In recent years, there has been a particular fondness for brews with “extreme” qualities. Intense hoppiness, rugged roasted flavors, wild funkiness and alcoholic potency all fit this bill. Sour flavors have most recently become a desired affection. Berliner weisse features a reserved lactic sourness as its keynote, the supplementary fermentation resulting in an effervescent, bone-dry beer, placing them among the most refreshing beverages, beer or otherwise. Rare even in Berlin, the recent general delight in sour beers has put them on our collective radar. Daring American brewers are dabbling in Berliner weisse, nouveau German artisans are reinventing it, and traditional brewers of the style are holding firm.
They couldn’t be more different from the spicy and textured hefe-weissbiers of Bavaria. Instead, they emanate from the swath of Northern and Central Europe where top-fermentation and wild influence was preferred, home to the beery rascals of lambic, Flanders red and brown, Gose and witbier. As Berliner weisse is investigated by today’s brewers, it is becoming something of an interpretive beer, often more in line with its older roots, curiosity ripe for further exploration.
Brewing with wheat is as ancient as beer itself, and barley has failed to displace it entirely. Wheat cultivation was widespread in Europe by The Middle Ages, with many regional brewers using it for their indigenous beers. Many of those old “styles” became extinct, but many persevered, as demonstrated by the vast assortment of beers that still feature raw or malted wheat. Often these were, or are, influenced by wild yeast and bacteria. Some brewers wisely opted to leave well enough alone in this respect, while others were intent on purging their beer of mischievous bugs, by careful selection of inoculating slurry or fermentation conditions.

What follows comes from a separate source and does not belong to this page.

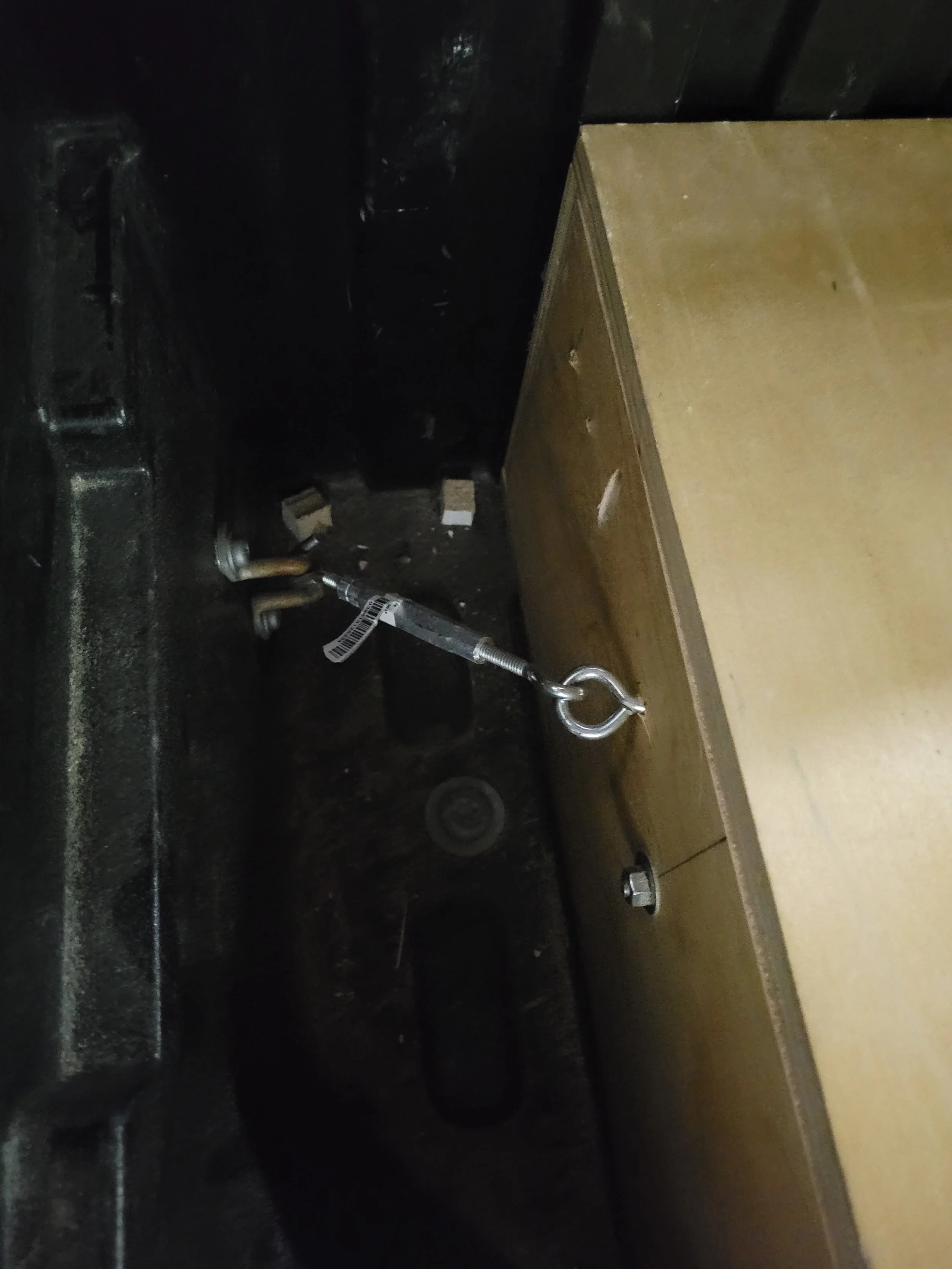 So I channeled my inner pirate and came to the conclusion that a turnbuckle was needed. I already had mounting points in the truck bed. All I needed to do was attach a screw eye on both sides at the back of the assembly and then use turnbuckles to secure them to the bed mounting points. Whenever I want to remove the system all I have to do is loosen the turnbuckles and unhook them. I can remove the entire system in less than 5 minutes. As with most things in life, if it takes more than 5 minutes then you’re not doing it right.

Berlin began its life as a brewing city in 1572 and 1642 as a wheat beer brewing city, making beers undoubtedly influenced by the ubiquitous and inescapable lactobacillus and brettanomyces organisms. Berlin, now en route to becoming the brewing Mecca that it would by the 19th century, was ready to stylistically refine a distinctive homegrown beer. This begs the query, “What lead to the development of the style?”

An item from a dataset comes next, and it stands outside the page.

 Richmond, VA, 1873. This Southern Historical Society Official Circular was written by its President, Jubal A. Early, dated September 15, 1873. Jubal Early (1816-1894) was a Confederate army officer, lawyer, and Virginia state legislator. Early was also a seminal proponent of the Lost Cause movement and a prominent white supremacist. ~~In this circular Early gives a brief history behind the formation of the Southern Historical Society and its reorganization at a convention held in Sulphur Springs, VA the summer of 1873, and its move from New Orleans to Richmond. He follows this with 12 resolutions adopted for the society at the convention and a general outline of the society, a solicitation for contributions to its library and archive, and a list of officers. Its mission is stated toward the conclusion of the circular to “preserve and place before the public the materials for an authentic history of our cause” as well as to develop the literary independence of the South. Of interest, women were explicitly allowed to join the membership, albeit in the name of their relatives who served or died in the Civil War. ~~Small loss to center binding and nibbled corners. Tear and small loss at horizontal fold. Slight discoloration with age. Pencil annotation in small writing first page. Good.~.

Some implicate the Huguenots, Reformed French Protestants who came to Germany to escape Catholic hostility. While scurrying across Northern Europe, they encountered numerous regional brews, including those of France, Flanders, Brussels and the Rhineland. These regions have given us an assortment of top-fermented modern brews, some of which were heavily influenced by wild bugs and often contained wheat. A more precise theory points to Cord Broyhan, an accomplished brewer who honed his craft in Hamburg and Hannover. His eponymously named Broyhan style became the most widely distributed type in Northern Germany during the 16th and 17th centuries. Relatively pale and low gravity, the popular Broyhan found a home among the opportunistic brewers of Berlin, one of the most vibrant and cosmopolitan cities in Europe.

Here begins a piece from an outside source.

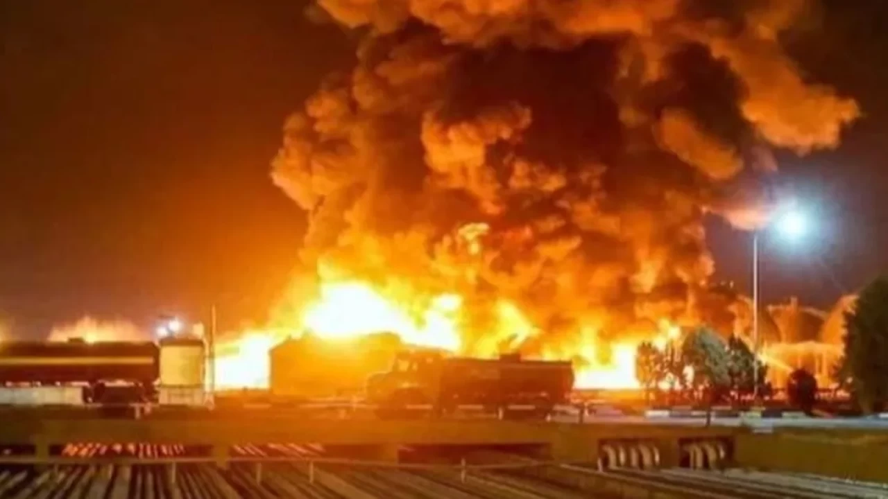 Yerel basına göre, alevler büyük bir patlamaya neden olurken, sosyal medyada yayımlanan videolarda ise yoğun siyah duman sütunları görüldü.

Berlin became the preeminent brewing city in Continental Europe by the 19th century. Berliner brewers did exercise a bit of individuality with their indigenous brew, and a single brewery may have put out several versions, varying the hop levels, strength and grain ratios. It was common for brewers to make strong stock beer and dilute it with water to the inclination of the patron. It may have been the signature thread of tartness permeating the Berliner weisse style that set it apart from other German brews. As the template was developed, unusual and archaic procedures were followed in spite of the progressive brewing that enveloped most of Europe. Wort was often not boiled, though some decocted, and mash hopping was employed as a filtering aid and to fully extract the preservative qualities. Typically, between 2 and 5 lbs of wheat was mashed for every pound of barley. As brewers elsewhere were moving towards bottom-fermentation and single-strain fermentation, Berliner braumeisters stayed true to their style. It was simply another regional specialty that may have been more at home in Belgium. In fact, Berliner weisse was sometimes reenergized with a dose of young, rambunctious beer, much as gueuze is made by blending old and young lambic.